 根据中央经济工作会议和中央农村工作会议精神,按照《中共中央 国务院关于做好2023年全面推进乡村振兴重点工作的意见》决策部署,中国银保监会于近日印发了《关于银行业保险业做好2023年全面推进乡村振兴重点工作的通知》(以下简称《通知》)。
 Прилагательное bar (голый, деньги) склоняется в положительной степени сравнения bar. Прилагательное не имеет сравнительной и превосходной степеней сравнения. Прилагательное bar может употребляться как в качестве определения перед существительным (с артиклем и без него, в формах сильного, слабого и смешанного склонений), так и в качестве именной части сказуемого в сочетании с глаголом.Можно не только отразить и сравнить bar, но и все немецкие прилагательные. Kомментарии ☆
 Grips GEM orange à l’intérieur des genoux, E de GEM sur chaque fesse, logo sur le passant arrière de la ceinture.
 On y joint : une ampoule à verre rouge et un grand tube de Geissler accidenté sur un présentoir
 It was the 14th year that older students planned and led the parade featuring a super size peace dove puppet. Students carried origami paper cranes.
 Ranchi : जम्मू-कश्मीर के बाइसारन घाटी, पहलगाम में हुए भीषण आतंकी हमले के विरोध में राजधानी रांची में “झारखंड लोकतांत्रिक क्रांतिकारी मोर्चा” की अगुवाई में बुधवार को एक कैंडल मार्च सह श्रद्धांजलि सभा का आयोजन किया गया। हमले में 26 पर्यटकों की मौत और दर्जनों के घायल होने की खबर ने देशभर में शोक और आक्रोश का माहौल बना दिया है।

_ _ _ _ _

*WHAT THIS TASK INVOLVES:* Write out exactly the lines that fall from the line with "Grips GEM orange" to the line with "It was the 14th" in the records above, keeping both ends.

*EXERCISE OUTPUT:*
 Grips GEM orange à l’intérieur des genoux, E de GEM sur chaque fesse, logo sur le passant arrière de la ceinture.
 On y joint : une ampoule à verre rouge et un grand tube de Geissler accidenté sur un présentoir
 It was the 14th year that older students planned and led the parade featuring a super size peace dove puppet. Students carried origami paper cranes.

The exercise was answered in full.